START Material for this exercise

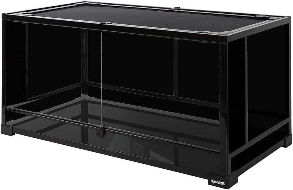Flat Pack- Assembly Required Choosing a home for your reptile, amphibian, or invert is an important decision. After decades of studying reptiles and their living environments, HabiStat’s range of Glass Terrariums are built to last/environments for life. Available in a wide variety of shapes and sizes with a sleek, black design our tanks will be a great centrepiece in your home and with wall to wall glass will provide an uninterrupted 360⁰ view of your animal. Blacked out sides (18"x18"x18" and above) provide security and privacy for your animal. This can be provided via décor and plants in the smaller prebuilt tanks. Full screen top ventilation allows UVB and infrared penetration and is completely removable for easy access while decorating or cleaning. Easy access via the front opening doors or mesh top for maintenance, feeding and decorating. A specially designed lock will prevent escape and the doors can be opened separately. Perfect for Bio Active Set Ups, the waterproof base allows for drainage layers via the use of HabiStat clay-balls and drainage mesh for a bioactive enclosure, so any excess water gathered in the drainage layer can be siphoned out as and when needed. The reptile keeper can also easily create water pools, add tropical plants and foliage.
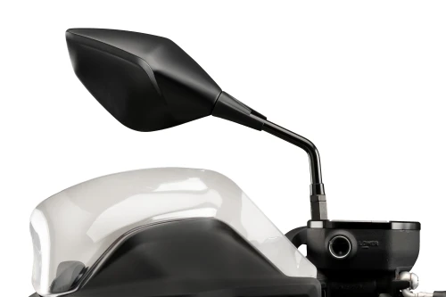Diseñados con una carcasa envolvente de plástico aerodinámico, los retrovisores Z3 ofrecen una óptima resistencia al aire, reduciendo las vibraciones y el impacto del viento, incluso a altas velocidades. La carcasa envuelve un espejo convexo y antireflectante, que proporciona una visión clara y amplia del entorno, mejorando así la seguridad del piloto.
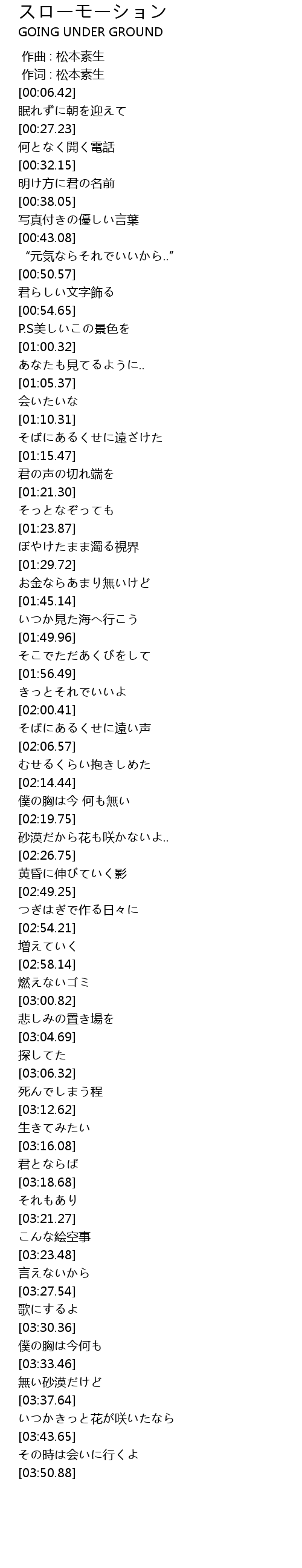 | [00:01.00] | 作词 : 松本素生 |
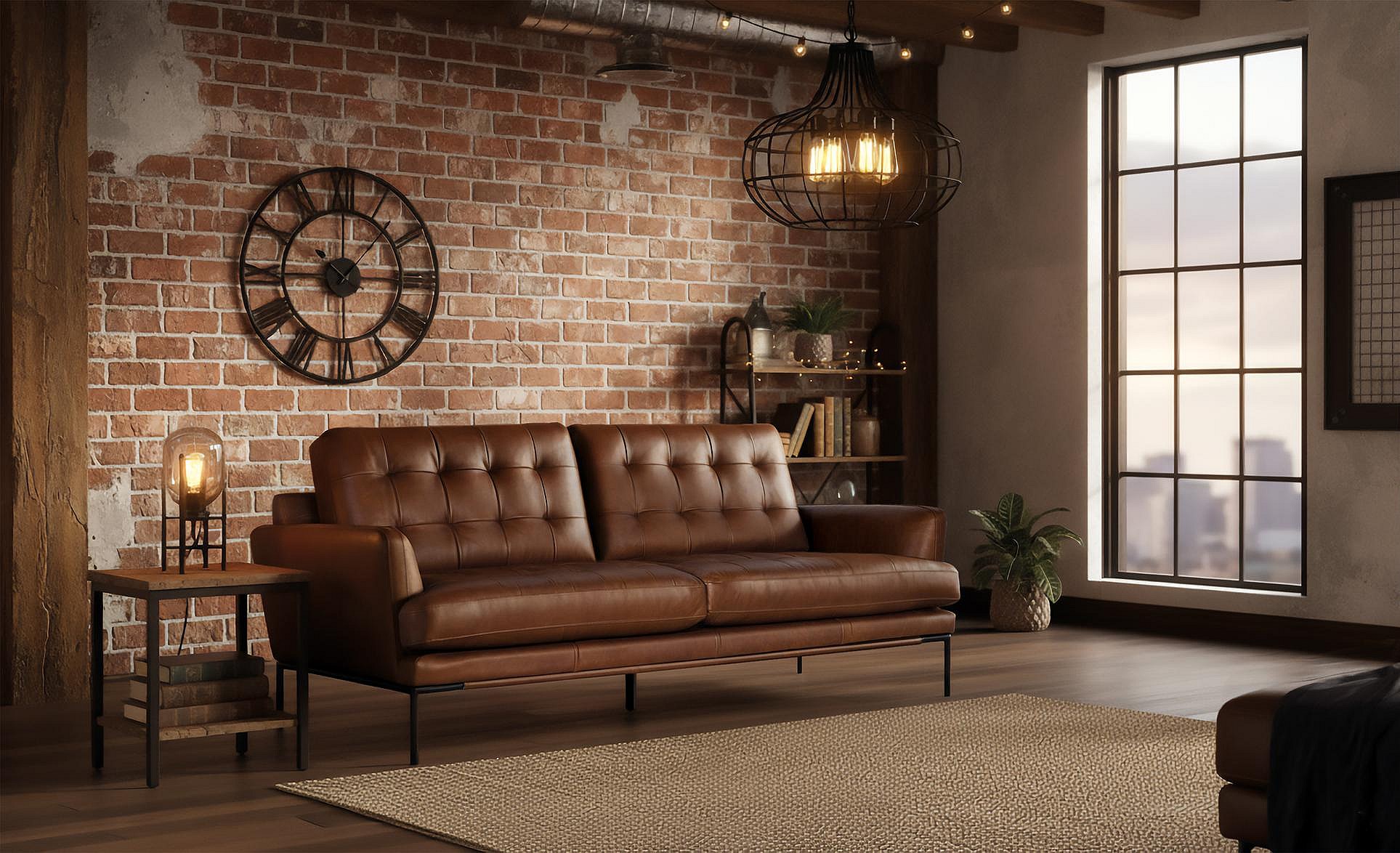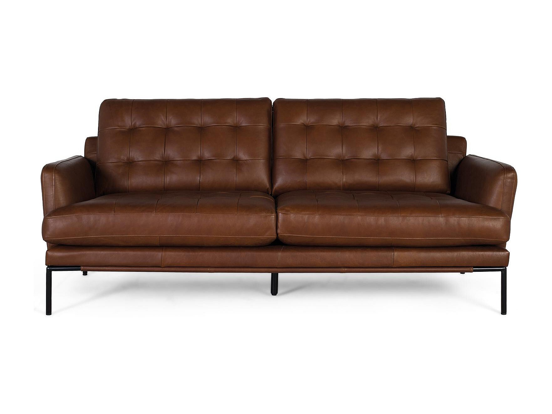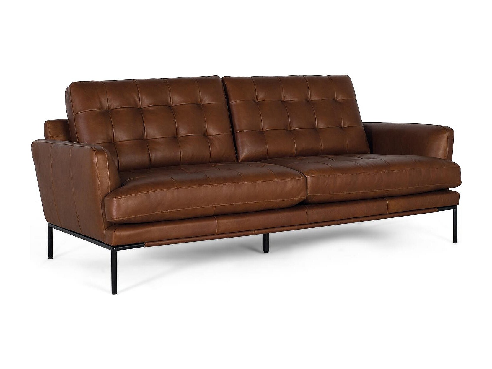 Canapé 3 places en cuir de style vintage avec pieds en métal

END Material for this exercise
START Material for this exercise

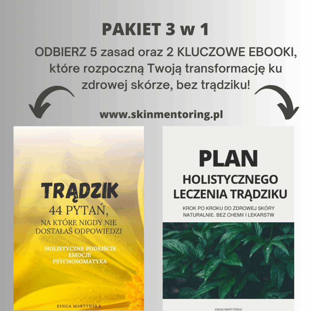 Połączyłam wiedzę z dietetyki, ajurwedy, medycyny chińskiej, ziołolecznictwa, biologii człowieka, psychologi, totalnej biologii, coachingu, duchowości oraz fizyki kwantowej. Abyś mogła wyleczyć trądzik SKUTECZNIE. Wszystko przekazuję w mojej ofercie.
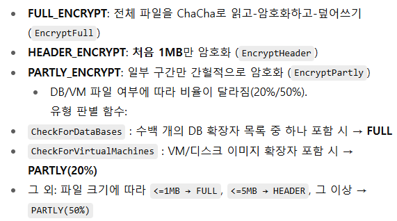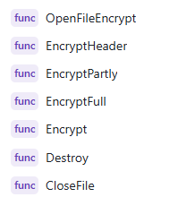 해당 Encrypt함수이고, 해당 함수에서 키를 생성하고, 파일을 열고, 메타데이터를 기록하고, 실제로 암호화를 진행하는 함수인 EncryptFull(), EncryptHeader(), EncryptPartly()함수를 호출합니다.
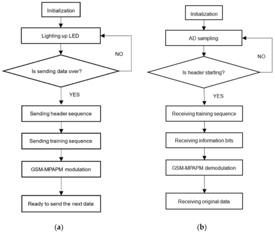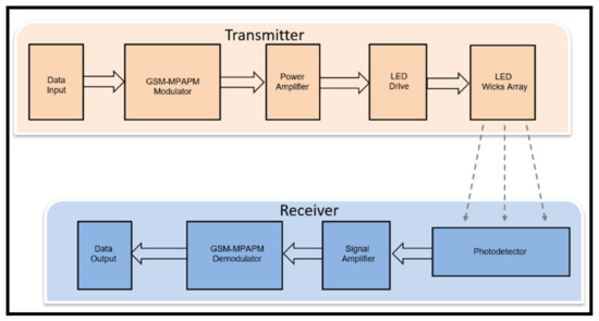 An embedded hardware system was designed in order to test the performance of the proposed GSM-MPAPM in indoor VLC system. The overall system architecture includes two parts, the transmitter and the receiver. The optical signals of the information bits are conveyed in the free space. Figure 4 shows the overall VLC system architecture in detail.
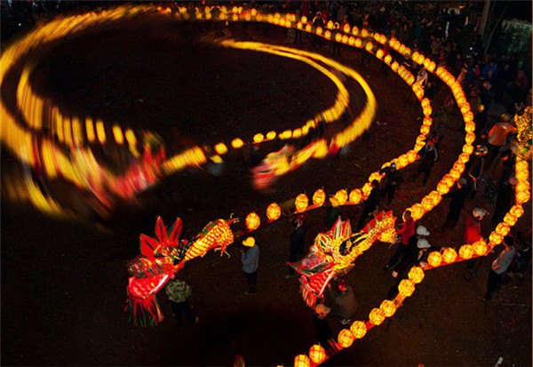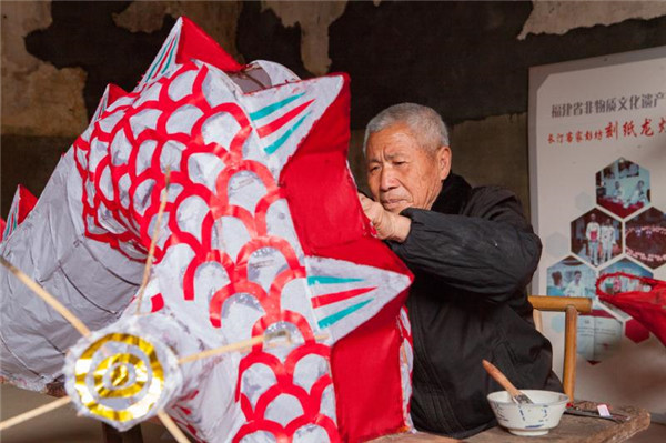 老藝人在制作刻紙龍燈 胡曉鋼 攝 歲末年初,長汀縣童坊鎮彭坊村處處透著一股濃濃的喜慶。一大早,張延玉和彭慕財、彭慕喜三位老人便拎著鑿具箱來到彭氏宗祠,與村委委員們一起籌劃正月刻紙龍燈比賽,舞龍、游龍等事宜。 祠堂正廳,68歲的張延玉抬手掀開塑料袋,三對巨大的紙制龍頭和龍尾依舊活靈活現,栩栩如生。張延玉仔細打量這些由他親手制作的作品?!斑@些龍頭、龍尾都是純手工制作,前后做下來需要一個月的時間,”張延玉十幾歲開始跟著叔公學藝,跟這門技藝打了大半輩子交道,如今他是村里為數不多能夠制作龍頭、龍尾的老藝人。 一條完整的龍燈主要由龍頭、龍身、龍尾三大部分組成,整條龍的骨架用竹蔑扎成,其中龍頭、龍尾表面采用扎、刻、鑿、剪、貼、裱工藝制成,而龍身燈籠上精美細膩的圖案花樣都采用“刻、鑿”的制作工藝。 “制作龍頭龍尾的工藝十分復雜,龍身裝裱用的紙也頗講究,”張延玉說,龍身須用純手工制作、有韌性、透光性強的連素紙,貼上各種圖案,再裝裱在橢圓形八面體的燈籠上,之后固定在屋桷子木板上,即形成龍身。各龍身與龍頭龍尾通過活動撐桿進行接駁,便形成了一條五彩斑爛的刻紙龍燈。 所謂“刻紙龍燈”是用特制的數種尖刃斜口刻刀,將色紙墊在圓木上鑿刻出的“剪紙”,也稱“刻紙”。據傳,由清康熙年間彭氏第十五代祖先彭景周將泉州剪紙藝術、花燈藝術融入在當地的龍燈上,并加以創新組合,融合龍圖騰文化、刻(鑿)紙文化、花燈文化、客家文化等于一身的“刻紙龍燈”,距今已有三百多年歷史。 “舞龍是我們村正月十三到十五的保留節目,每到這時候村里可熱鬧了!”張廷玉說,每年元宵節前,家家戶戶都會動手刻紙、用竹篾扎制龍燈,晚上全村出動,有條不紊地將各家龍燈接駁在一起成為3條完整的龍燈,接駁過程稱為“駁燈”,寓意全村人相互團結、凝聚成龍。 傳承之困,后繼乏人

END Material for this exercise
START Material for this exercise

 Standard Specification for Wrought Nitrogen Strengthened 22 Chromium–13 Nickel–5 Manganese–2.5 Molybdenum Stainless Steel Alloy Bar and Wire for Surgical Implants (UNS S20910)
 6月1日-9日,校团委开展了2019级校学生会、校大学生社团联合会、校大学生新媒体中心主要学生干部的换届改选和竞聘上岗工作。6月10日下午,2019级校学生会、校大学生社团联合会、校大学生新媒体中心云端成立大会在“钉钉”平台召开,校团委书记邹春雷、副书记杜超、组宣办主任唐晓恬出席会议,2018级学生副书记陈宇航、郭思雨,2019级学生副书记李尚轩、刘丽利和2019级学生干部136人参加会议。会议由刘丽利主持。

END Material for this exercise

** Work task **
Looking back over the data above, restate word for word the lines that begin at the line with "Standard Specification for" and end at the line with "6月1日-9日,校团委开展了", inclusive.

** Task response **
 Standard Specification for Wrought Nitrogen Strengthened 22 Chromium–13 Nickel–5 Manganese–2.5 Molybdenum Stainless Steel Alloy Bar and Wire for Surgical Implants (UNS S20910)
 6月1日-9日,校团委开展了2019级校学生会、校大学生社团联合会、校大学生新媒体中心主要学生干部的换届改选和竞聘上岗工作。6月10日下午,2019级校学生会、校大学生社团联合会、校大学生新媒体中心云端成立大会在“钉钉”平台召开,校团委书记邹春雷、副书记杜超、组宣办主任唐晓恬出席会议,2018级学生副书记陈宇航、郭思雨,2019级学生副书记李尚轩、刘丽利和2019级学生干部136人参加会议。会议由刘丽利主持。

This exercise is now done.